Hooniverse Asks- What Was America’s Lamest Import Fighter?

When American GIs returned from Europe after the end of WWII they brought with them a new-found appreciation for things previously unencountered before the war. Along with predilections for cafe au lait and Belgian waffles, they also discovered the joys of European cars. Many a soldier came back to America bearing the scars of war and a fling -able little sports car like the MG TC to help forget them.

Of course import cars didn’t have much of an impact on the US auto makers until the late fifties when an economic downturn increased consumer demand for smaller, more efficient cars – cars like the Volvo PV and Volkswagen Type 1. Seeing sales of these economical models increase, the U.S. makers countered with small models of their own – cars like Ford’s Falcon, Chrysler’s Valiant, and Chevy’s radical Corvair.

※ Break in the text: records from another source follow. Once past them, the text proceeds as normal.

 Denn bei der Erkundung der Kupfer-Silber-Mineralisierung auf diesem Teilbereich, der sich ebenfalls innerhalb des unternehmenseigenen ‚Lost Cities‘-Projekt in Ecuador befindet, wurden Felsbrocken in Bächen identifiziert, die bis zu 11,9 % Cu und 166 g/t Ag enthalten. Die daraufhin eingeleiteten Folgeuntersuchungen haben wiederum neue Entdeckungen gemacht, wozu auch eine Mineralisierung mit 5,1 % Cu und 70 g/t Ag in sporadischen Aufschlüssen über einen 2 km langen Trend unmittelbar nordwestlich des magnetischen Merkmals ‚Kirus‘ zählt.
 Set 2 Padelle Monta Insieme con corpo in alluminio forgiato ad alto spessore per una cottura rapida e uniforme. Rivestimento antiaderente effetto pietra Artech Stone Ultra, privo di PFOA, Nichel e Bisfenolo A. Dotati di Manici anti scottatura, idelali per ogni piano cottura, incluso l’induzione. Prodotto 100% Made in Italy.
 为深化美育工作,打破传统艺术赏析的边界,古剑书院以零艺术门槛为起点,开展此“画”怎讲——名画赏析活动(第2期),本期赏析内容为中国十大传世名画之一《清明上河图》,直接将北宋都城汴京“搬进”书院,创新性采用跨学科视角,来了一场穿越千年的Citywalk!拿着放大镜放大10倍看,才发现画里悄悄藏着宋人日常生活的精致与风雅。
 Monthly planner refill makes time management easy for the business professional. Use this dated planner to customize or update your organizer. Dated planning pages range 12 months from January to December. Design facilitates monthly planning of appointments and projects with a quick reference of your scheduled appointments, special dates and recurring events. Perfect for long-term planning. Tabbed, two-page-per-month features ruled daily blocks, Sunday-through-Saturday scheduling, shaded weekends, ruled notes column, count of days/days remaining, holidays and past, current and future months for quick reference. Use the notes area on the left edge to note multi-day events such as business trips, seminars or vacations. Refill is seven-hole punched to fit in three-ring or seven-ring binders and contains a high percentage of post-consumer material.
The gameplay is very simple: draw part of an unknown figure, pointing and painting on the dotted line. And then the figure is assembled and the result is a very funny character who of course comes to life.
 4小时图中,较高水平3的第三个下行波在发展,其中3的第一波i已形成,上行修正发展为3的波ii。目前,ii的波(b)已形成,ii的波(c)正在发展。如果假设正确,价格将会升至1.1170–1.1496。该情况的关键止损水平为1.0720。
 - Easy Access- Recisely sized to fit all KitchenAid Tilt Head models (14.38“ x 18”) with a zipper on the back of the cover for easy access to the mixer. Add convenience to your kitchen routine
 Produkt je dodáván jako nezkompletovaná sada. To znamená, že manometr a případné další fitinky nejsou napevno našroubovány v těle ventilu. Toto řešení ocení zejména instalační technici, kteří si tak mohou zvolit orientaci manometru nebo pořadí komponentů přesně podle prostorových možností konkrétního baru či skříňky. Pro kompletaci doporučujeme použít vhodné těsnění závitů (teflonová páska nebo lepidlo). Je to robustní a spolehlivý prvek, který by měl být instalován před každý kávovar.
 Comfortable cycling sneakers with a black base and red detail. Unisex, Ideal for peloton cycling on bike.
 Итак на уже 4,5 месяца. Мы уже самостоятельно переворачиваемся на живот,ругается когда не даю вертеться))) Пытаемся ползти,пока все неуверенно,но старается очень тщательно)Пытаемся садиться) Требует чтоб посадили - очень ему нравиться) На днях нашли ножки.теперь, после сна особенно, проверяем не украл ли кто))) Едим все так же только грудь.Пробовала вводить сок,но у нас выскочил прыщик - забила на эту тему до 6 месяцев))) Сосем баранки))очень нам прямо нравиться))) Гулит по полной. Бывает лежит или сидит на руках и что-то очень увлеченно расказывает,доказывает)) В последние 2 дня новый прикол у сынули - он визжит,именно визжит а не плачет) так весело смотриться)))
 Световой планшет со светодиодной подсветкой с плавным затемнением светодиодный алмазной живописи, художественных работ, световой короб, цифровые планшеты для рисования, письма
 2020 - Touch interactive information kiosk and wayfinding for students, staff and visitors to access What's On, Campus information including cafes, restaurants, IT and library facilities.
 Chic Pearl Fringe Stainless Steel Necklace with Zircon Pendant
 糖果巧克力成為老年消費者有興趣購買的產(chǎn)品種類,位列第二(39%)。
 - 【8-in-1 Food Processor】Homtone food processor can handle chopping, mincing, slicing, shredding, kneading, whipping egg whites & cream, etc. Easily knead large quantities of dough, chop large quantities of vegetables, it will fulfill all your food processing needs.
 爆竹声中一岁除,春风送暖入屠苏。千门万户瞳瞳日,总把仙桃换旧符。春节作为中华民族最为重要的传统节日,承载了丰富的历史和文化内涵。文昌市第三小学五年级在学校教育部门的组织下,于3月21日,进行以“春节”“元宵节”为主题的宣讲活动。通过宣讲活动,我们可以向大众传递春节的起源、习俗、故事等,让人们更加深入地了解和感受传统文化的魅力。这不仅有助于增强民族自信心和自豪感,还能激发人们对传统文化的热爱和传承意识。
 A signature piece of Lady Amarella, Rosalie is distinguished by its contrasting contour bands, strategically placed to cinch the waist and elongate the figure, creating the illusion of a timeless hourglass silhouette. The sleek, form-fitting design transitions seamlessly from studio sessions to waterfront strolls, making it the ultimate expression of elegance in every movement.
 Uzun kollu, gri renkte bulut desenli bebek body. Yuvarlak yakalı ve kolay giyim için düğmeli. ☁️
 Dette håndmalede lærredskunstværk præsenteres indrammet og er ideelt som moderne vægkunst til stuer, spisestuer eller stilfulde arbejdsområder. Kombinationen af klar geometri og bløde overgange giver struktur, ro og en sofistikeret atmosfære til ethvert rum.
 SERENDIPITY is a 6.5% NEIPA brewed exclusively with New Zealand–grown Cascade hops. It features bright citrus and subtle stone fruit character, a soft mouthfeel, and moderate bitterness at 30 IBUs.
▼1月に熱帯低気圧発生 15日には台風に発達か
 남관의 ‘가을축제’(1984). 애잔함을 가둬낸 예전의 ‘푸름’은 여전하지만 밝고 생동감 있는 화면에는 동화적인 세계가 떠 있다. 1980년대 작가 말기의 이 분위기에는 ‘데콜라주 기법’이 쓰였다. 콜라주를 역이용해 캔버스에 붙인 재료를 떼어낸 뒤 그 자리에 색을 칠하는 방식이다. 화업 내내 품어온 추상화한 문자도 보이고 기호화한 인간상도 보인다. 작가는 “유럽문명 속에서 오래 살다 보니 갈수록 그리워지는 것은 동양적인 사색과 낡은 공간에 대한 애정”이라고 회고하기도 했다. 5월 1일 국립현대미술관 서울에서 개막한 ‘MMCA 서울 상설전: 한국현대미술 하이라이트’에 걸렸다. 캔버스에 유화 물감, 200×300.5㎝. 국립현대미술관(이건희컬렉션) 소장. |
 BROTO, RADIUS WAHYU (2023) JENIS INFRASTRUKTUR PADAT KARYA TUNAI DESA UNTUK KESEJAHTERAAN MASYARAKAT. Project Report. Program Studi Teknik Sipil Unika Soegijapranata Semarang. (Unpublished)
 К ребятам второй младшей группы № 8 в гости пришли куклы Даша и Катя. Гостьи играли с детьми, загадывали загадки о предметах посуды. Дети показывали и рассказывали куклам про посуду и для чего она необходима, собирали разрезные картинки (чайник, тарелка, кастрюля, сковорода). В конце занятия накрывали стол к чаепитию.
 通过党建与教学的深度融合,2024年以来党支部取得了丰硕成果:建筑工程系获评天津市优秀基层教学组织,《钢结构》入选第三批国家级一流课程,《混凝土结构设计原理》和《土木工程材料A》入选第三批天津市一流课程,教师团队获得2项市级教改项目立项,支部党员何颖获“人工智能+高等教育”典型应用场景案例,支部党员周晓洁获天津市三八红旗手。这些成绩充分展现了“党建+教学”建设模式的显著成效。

Oh sure, there had been small cars from U.S. makers before – the Crosley and Kaiser Henry J notable examples – but this was the first time that the Big Three attempted to address the issue of foreign makes usurping even a portion of their market share. 

It didn’t work. Not only did European imports continue to make a dent in that share of consumers’ car buying choices, but starting in ’70s the Japanese came in and ate it like it was half-priced sushi. Still, the Americans tried to fight back, sometimes less successfully than others. In those same seventies they gave us the Pinto, Gremlin, and aluminum-engined Vega, cars that more generally translated the big car ethos to a smaller platform than competed directly with the Rabbits, Civics and Corollas that were true small cars. The eighties gave us GEO, the Neon, and an American take on Ford of Europe’s Escort that was a pale copy, while the nineties offered Saturn.

That’s a lot of American effort to out-do the interlopers, and while some have been valiant (no pun intended) efforts, some have been abject failures, and embarrassingly so too. Which American car do you think is the worst attempt by a US-based car maker to fight the import invasion?